A further embodiment of an aircraft component for use in an aircraft arrangement in accordance with the present invention will now be described by way of example only with reference to FIGS. 3 and 4. The aircraft component is denoted generally by reference numeral 500 is a cuboidal shape, and is made from a three-dimensional lattice structure. The three-dimensional lattice structure is substantially as described above in relation to FIGS. 5A, 5B, 5C and 6 in so far as the three-dimensional lattice structure comprises a multiplicity of cubic unit cells, each unit cell comprising seven lattice-forming members that form a lattice. The length of the side of the cubic unit cell is 20 mm. The aircraft component 500 comprises a plurality of regions of three-dimensional lattice structure, shown by different types of shading, and four of which are labelled 501, 502, 503, 504. Each region is configured to impart certain mechanical and mass characteristics to the aircraft component 500 so that the aircraft component generates an output vibration OV when the aircraft component 500 is subjected to different input vibrations, labelled schematically in FIG. 4 as IV1 and IV2. As can be seen from FIGS. 3 and 4, the various regions 501, 502, 503, 504 are symmetrically arranged about a longitudinal axis L of component 500. In this connection, regions 501 and 502 have the same mass and the same lattice structure as one another, and are symmetrically arranged about longitudinal axis L. Within region 501 and within region 502, the diameters of the respective lattice-forming members are not the same from unit cell to unit cell. Likewise, regions 503 and 504 have the same mass and the same lattice structure as one another, and are symmetrically arranged about longitudinal axis L. Within region 503 and within region 504, the diameters of the respective lattice-forming members are not the same from unit cell to unit cell.

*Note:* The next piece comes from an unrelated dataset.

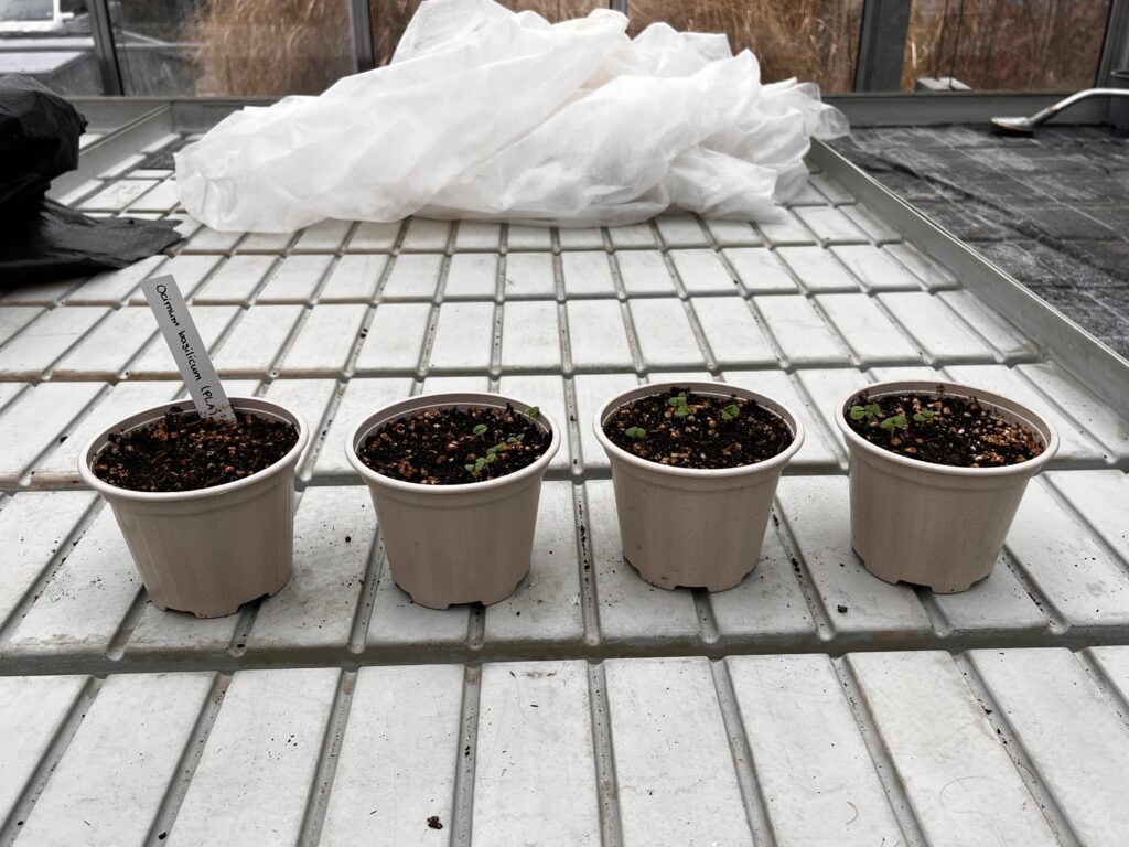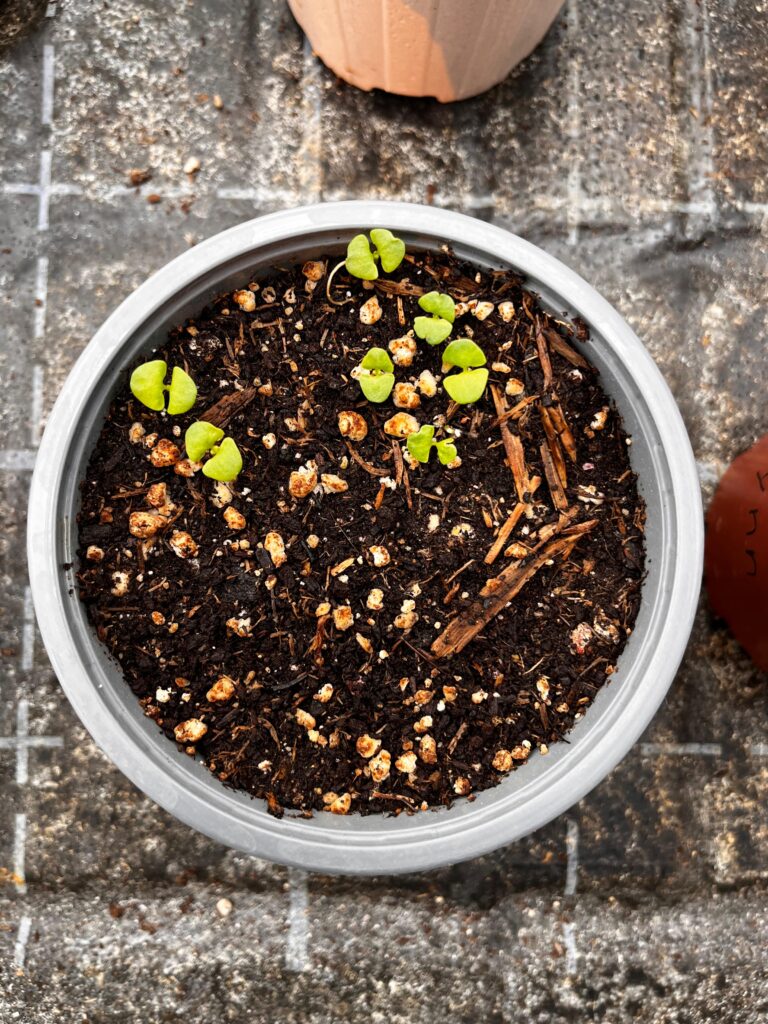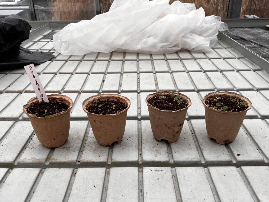 Der „Plenta“‑Topf zeigte nur eine leichte Aufhellung, blieb jedoch stabil und frei von Schimmel oder Algen. Das Material wirkte robust und ausgeglichen in der Feuchtigkeitsregulation. Die Basilikumkeimlinge entwickelten sich leicht verzögert, was an nicht perfekten Bedingungen im Gewächshaus lag.

An embodiment of a method of generating electrical power in an aircraft in accordance with the third aspect of the present invention will now be described by way of example only with reference to FIG. 7. The method of generating electrical power in an aircraft from a vibration is denoted generally by reference numeral 1000. The method 1000 comprising providing 1001 an aircraft component comprising a three-dimensional lattice structure comprising a multiplicity of unit cells, the unit cells comprising multiple lattice-forming members, the unit cells having a greatest dimension of about 5 mm; and causing 1002 vibrations to be generated in the aircraft, thereby causing the aircraft component to vibrate in a pre-determined manner, the pre-determined vibrations driving an energy harvester, the energy harvester generating electrical power. The aircraft component may, for example, be an aircraft rib 2 as described above in relation to FIGS. 1 and 2, or the cuboidal aircraft component 500 shown in FIGS. 3 and 4. The energy harvester may be the energy harvester 3 described above in relation to FIGS. 1 and 2.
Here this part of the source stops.